The room was dark exept for a stobe, so you couldn't tell I was there until I let out a huge scream of pain.....then they had to try to find their way out of the room through another dozen bodies.


----------



## turtle2778

Dave now that is just sick sick sick....i definately gotta try that one. TOO FUNNY!!


----------



## Doomsday Cult Leader

Niiice!


----------



## Haunted Bayou

Me and Morbius must think alike. I'm sitting here laughing and thinking OMG those look real. LOL!


----------



## dave the dead

Haunted Bayou said:


> Me and Morbius must think alike. I'm sitting here laughing and thinking OMG those look real. LOL!


Ok, now I just HAVE to know.....what is it about these that's making you guys laugh?


----------



## slimy

If you hung up Morbius and Haunted Bayou, now THAT would make me laugh.......

Bodies look great Dave. Good use of materials. Turned out VERY nice.


----------



## Frighteners Entertainment

Very good use of materials!


----------



## Haunted Bayou

Hey Dave,
Can't say for sure. I guess because I know they are fake but they look so real. It is a laugh of appreciation.

It is a good question. A really good gory prop usually draws a chuckle from me. Scareshack's gory challenge entry did the same thing. Usually, it is a laugh followed by, "That is awesome!" Maybe I should be psychoanalyzed or something but I think it is part of my morbid sense of humor. I know the prop was built to freak people out, and if it is done well then I appreciate it.

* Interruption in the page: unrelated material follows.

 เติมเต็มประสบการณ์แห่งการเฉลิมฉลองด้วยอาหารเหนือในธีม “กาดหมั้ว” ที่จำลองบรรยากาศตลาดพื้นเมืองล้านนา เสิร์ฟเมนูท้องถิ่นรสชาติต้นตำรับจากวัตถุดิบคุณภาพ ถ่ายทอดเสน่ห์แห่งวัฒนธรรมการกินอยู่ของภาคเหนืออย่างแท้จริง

Trust me, it is not meant to be insulting to your work. I called my hubby in from the other room to look at your pics. He thought they looked real too.

Sorry, if I made you think I was making fun of your props. Certainly, it was the opposite. It is difficult to make a really good gory prop. You pulled it off without spending hardly any money.

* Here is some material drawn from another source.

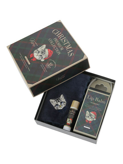 「SCENT OF Varo 【sweet 12月号掲載】LIMITED BOX」は、クリスマスコフレSと同じリップバームとタオルハンカチがセットという点は同じですが、タオルハンカチが猫のイラストだけでなく、アルファベットからも選べるのが特徴。大切なパートナーの名前に合わせて選べば、喜んでもらえること間違いなし!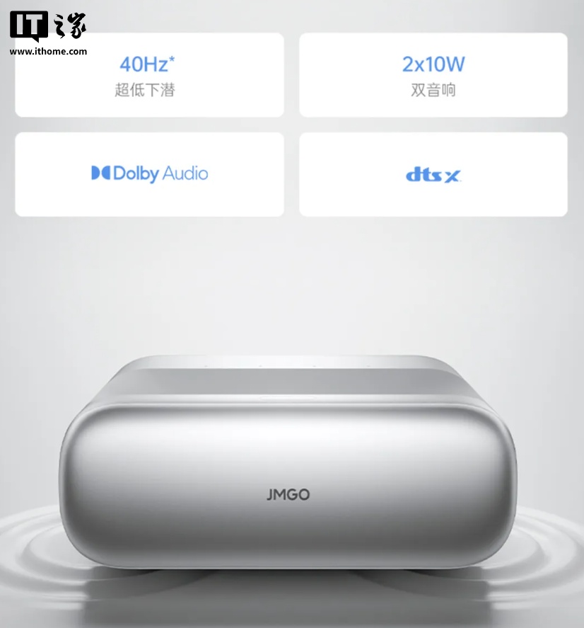 坚果 O3 搭载目氪护眼纯三色激光 + DLPC8424 驱动芯片,支持 1 万:1 对比度、110% BT.2020 色域,色准 ΔE < 1;配有杜比 HiFi 低音,两侧对称式 10W 双音响。

I don't do gore in my little garage haunt because of all the small kids in the neighborhood, but if I did I would be trying to copy your bodies. As it is, they are scared of my lame static props, that don't even come close to reality.

I like gore. I will be making an appointment with the shrink tomorrow.









BTW, I liked the Waldo photo.


----------



## dave the dead

no sorry neccesary HB! I was just curious, that's all.

also, you don't have to wrap the bodies up like a body bag......dress them up and slap a mask on 'em for a real cheap character prop that doesn't look like a bloated dummy stuffed with leaves.


----------



## Dr Morbius

I laugh not because the props themselves are funny, but it's a situation of absurdity. I mean, come on! A pile of bodybagged corpses on your front lawn! or hanging from a tree! What's not to laugh?


----------



## GraveDiggerGreg

dave the dead said:


> Ok, now I just HAVE to know.....what is it about these that's making you guys laugh?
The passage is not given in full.